Let’s go over what we’ve got. We’ve got a bunch of features from Alejandra, Bob and Alice. These are their scores in terms of relationships, money, sandwiches and baseline happiness. And we’ve got some weights that add up well when we multiply them through for Bob and Alejandra, but we’re not sure about how they’ll work with Alice’s numbers. Rather than do a bunch of guessing and trial and error, we’re going to work out what those weights should be with machine learning.

We also learned that we can do all that multiplying of features (the scores of relationships, money, sandwiches and the baseline) by the weights (numbers that represent the importance of the scores of relationships, money, sandwiches and the baseline), using something called a dot product, also known as a type of matrix multiplication where we multiply columns by rows and add them together.
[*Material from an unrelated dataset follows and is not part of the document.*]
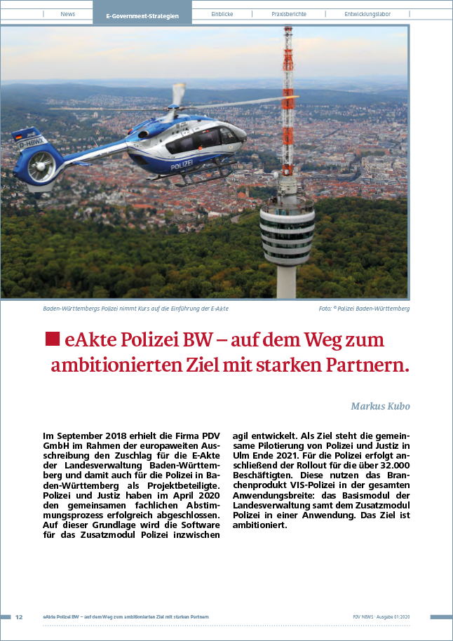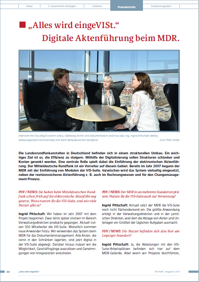 Der Erfahrungsaustausch zwischen Anwenderinnen und Anwendern der ECM-Plattform VIS-Suite und der PDV sowie die Mitwirkung der Kunden an der Weiterentwicklung von Produkten und Services sind wichtige Erfolgsfaktoren für unser Unternehmen. Lesen Sie Anwenderberichte der PDVNEWS, in denen Kunden von ihren Projekterfahrungen berichten. Erfahren Sie an praktischen Beispielen, wie eine ganzheitliche, digitale Aktenführung (E-Akte) verwirklicht werden kann und mit welchem Projektvorgehen Ihnen ein smarter Umstieg auf digitale Verwaltungsarbeit gelingt.

When we’ve done the dot product inside a single neuron layer, the layer applies its result to something called an activation function. An activation function decides what part of the result to move forward.

Let’s go ahead and work this out with two layers of neurons.
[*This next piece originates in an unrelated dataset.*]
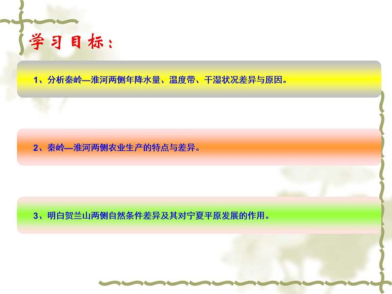 这是一份粤教版八年级下册第二节 重要的地理分界线示范课ppt课件,共25页。PPT课件主要包含了学习目标,温度带不同,月0℃等温线,结冰期不同,干湿状况不同,毫米等降水量线,植被不同,耕作制度不同,耕地类型不同,作物不同等内容,欢迎下载使用。

The ultimate thing we’re looking for when we’re training a neural net is something that we call the ground truth, sometimes called y* or y prime. In the end, we want our answers to be close to the ground truth.

Let’s say 0.0 is least happy and 1.0 is maximum happy. Now let’s say the right amount of happiness for Alejandra is 1.0, Bob is 0.85, and Alice is at 0.4.

Now let’s get our features:

[    Money   Relationships Sandwiches  Baseline

Alejandra [40,        80,           40,         30],

Bob   [100,       20,           40,         30],

Alice [30, 40, 50, 40]

]

And since these are scores, let’s normalize them a bit. Normalize means make it so that it all fits relative to one another. Since our other terms are in decimal percentages, let’s move the decimals over a couple times for these numbers to make sure everyone is on the same page.

[    Money   Relationships Sandwiches  Baseline

Alejandra [0.4,        0.8,           0.4,         0.3],

Bob   [1.0,       0.2,           0.4,         0.3],

Alice [0.3, 0.4, 0.5, 0.4]

]

And then we have our weights for the first neuron, called W1, for Weights First Neuron:

[

Money Importance: 0.25,

Relationship Importance: 1.0,

Sandwiches Importance: 0.25,

Baseline Importance: 1.0

]

We’ll deal with the weights for our second layer in a minutes.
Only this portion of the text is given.